((

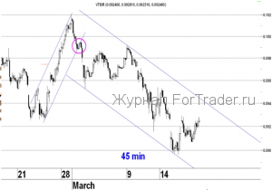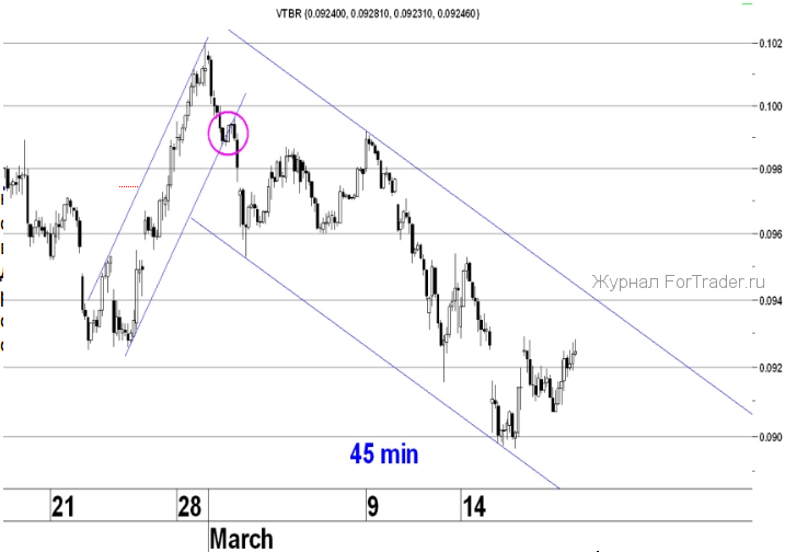 На 45-ти минутном графике акция всё ещё находится в краткосрочном нисходящем канале. Если этот канал будет пробит вверх — это будет первым сигналом к началу более высокой восходящей коррекции, в таком случае скорей всего она продолжится до верхней границы краткосрочного нисходящего канала на дневном графике. Пробой этой границы вероятнее всего приведёт к дальнейшему росту до горизонтального сопротивления 0.1020 р. Если же нижняя граница среднесрочного восходящего канала на дневном графике будет пробита вниз, скорей всего мы увидим снижение до горизонтальной поддержки 0.076 р.
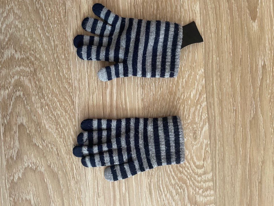 Gri ve lacivert çizgili, örgü kumaştan yapılmış çocuk eldivenleri, rahat ve sade bir sokak stili sunar.
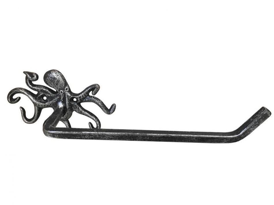 This Cast Iron Octopus Hand Towel Holder 11" is perfect for any beach inspired bathroom or kitchen. It adds charm to any beach room, while impressing your guests with their substance and thoughtfulness. Ideal for hanginghand towels, this durable hand towel holder 11" is crafted from cast iron. Easily mountable, display this decorative holder to show those who visit your home the affinity for the sea-faring lifestyle.
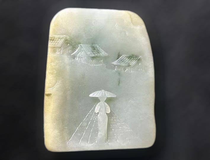谢林玉雕作品《烟雨江南》
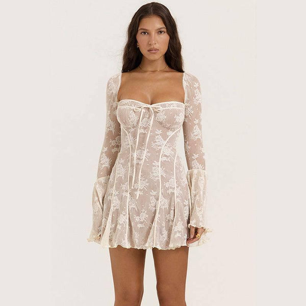 Δαντέλα τετράγωνο κολάρο φόρεμα Bell-κάτω μακρύ μανίκι δεμένα A- γραμμή φορέματα γυναικεία ρούχα

))

Return each line of the material exactly as written; exclude the pictures.

 На 45-ти минутном графике акция всё ещё находится в краткосрочном нисходящем канале. Если этот канал будет пробит вверх — это будет первым сигналом к началу более высокой восходящей коррекции, в таком случае скорей всего она продолжится до верхней границы краткосрочного нисходящего канала на дневном графике. Пробой этой границы вероятнее всего приведёт к дальнейшему росту до горизонтального сопротивления 0.1020 р. Если же нижняя граница среднесрочного восходящего канала на дневном графике будет пробита вниз, скорей всего мы увидим снижение до горизонтальной поддержки 0.076 р.
 Gri ve lacivert çizgili, örgü kumaştan yapılmış çocuk eldivenleri, rahat ve sade bir sokak stili sunar.
 This Cast Iron Octopus Hand Towel Holder 11" is perfect for any beach inspired bathroom or kitchen. It adds charm to any beach room, while impressing your guests with their substance and thoughtfulness. Ideal for hanginghand towels, this durable hand towel holder 11" is crafted from cast iron. Easily mountable, display this decorative holder to show those who visit your home the affinity for the sea-faring lifestyle.
谢林玉雕作品《烟雨江南》
 Δαντέλα τετράγωνο κολάρο φόρεμα Bell-κάτω μακρύ μανίκι δεμένα A- γραμμή φορέματα γυναικεία ρούχα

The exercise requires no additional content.